Это не совсем то, что мы понимаем обычно под юмором, это не имеет никакого отношения к логике, здравому смыслу. Соблазнительно было бы сравнить воздействие его текста — в противоположность юмору, головному, логически объяснимому — с воздействием механическим, тактильным, вроде щекотки. Но это было бы несправедливо по отношению к писателю, это было бы равносильно обвинению в некоторой нечестности творческого метода, в отсутствии настоящей интеллектуальной авторской работы... Достаточно уже обвиняли Зощенко в смехачестве и зубоскальстве. Все гораздо сложнее.
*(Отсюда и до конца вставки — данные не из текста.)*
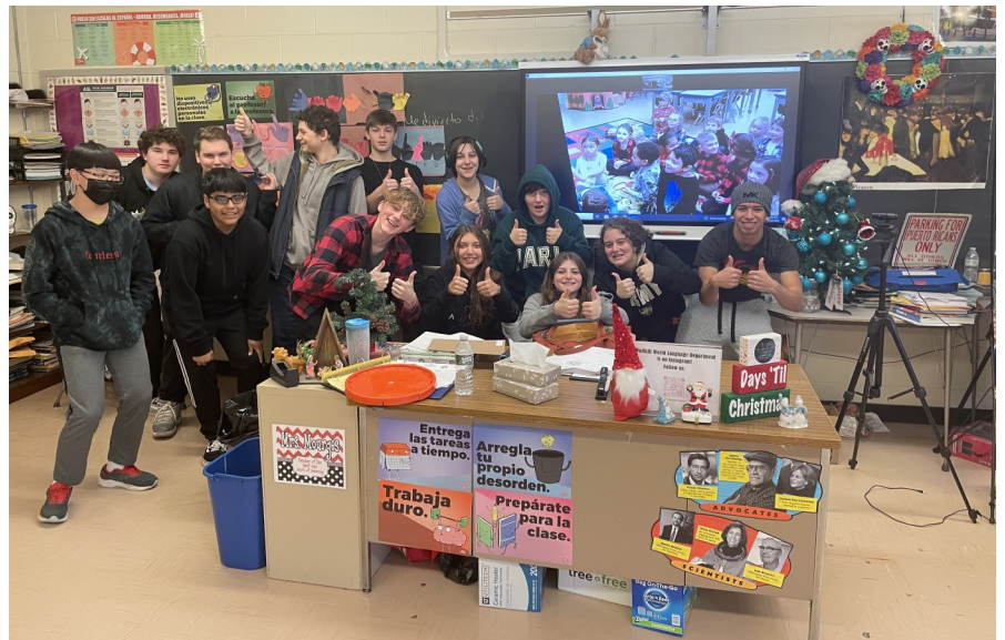
ASL students from Wallkill Senior High School
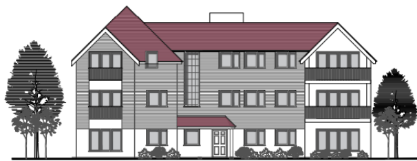
Proposed East Elevation Scale 1:100 Front Elevation
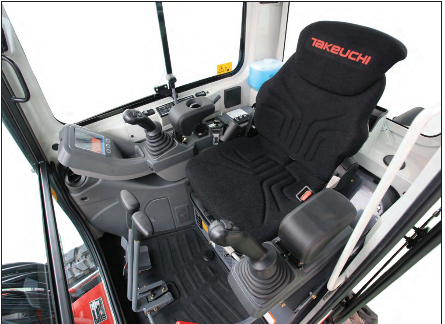
Spacious Operator's Station with Easy to Reach Controls and Switches.

The operator is protected by a ROPS / TOPS / OPG protective structure that keeps the operator safe and comfortable on any job site.
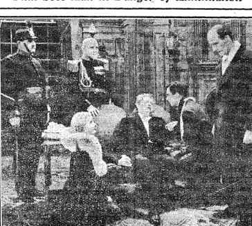
Scene from "Are We Civilized?" social problem picture which opens at the Rivoli Theatre today.
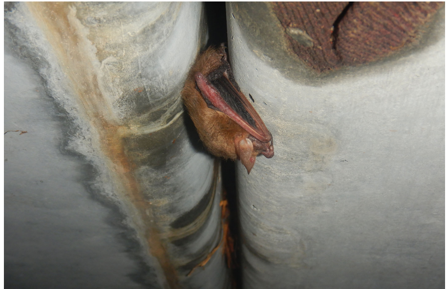
A tricolored bat roosting under a replaced bridge in January 2024 (Katherine Etchison)

Now that the project is halfway through, patterns in the results are beginning to emerge, particularly with tricolored bats. Current results show tricolored bat presence at about one-quarter of bridges surveyed, tricolored bat presence during winter and during the active season, and tricolored bat presence at "old" bridges more often than replaced bridges. This project will continue until all historic bridges are surveyed, which should conclude in May 2025.
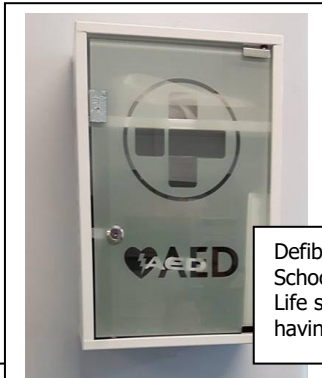
Defibrillator (kept outside the School Office). Life saving equipment for anyone having a cardiac arrest.
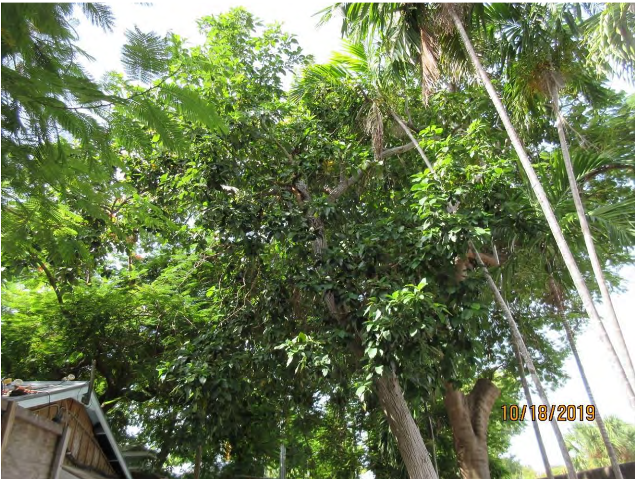
Photo of tree canopy view 2
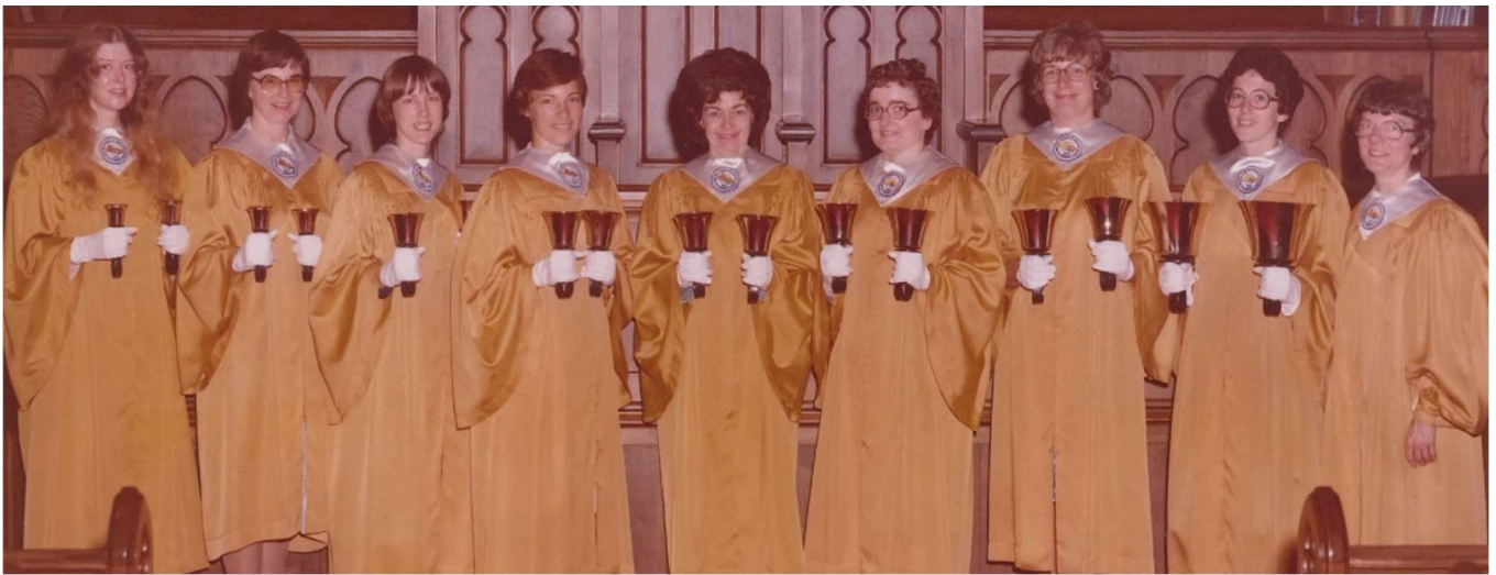
The Liberty Bells circa 1980, when gold was in vogue. How many of these smiling faces do you recognize?

Did you know that handbell ringing has been a component of First Presbyterian's music ministry since the 1970s? Over the years our Liberty Bell Choir has not only rung in worship, but in various settings outside our walls as well, such as care homes and the Garden Club's "Trees of Christmas". The skill and dedication required to put such complicated pieces together is evident each time they ring. Some of our current ringers have been active since before I was born, and I'm immensely grateful for the countless hours they've put into rehearsing week by week.
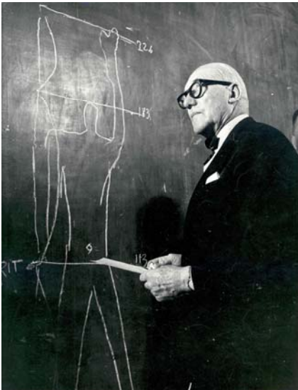
Portrait of Le Corbusier, © FLC/ADAGP, Paris and DACS, London 2008.
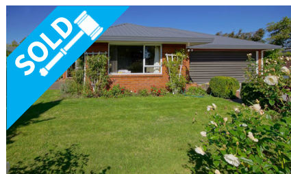
44B Hoon Hay Road, HOON HAY $437,500
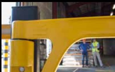
► Double Axes Gate / no sharp edges
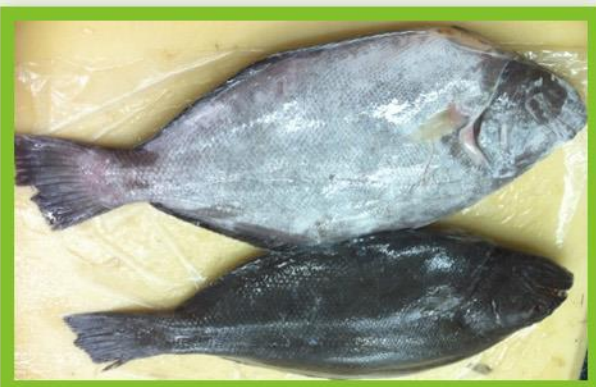
INDIAN HALIBUT PSETTODES SPP

Не углубляясь в теоретические подробности, отметим сразу: его юмор практически невозможно пересказать, перевести. Преподаватель русского языка для иностранцев может использовать рассказы Зощенко как лакмусовую бумажку — студент-немец или американец действительно хорошо знает русский язык, если он воспринимает юмор Зощенко.

Посмотрим, как же это работает. Многократно отмечено, не нуждается в доказательствах: загадка не в ситуации, не в характерах, не в сюжете — будучи пересказан, сюжет ничего смешного не представляет. Вспомним еще раз эти сюжеты. Кондукторша хорошо работает, так что вызывает восхищение героя: “Другая кондукторша рычит в ответ, если ее спрашивают, и прямо чуть ногами не отбивается от пассажиров. А эта — нечто поразительное. Ну прямо видим картину из недалекого будущего”.

Еще одна транспортная картинка: нетрезвый человек не хочет выходить из трамвая. Его высаживают. Что смешного в этом сюжете? “Василия Тарасовича Растопыркина — Васю Растопыркина, этого чистого пролетария, беспартийного черт знает с какого года — выкинули с трамвайной площадки.

Больше того — мордой его трахнули об трамвайную медную полустойку. Он было за нее ухватившись двумя руками и головой и долго не отцеплялся. А его милиция и обер-стрелочник стягивали.

Стягивали его вниз по просьбе мещански настроенных пассажиров”.

Женщина недовольна мужем: “Она мечтала встретить какого-нибудь стройного и гибкого мужчину, а муж был немного толстоватый и слегка, как бы сказать, косопузый”.

Безумно смешными оказываются обычные профессии: “Бухгалтер, например, специально как-то там складывает цифры между собой на пользу страждущего человечества, чтобы оно, так сказать, не слишком проворовалось в денежном смысле...

Хирург режет разные язвы и карбункулы на наших скоропортящихся телах, способных каждую минуту загнить и зачервиветь. Водолаз откачивает воду и ныряет на дно морское. Дворник стережет дом и открывает калитку”.

Про блох: “А что касается блох, то на них почему-то электричество не действует и они продолжают свою кипучую деятельность”.

Наш знаменитый физиолог Бехтерева как-то сказала о даровании Пушкина очень интересную вещь: естественным для него, с его устройством мозга, как она считает, было не только писать, но и думать в рифму. Иногда кажется, что и для Зощенко его волшебный, причудливый язык был естественным, как дыхание.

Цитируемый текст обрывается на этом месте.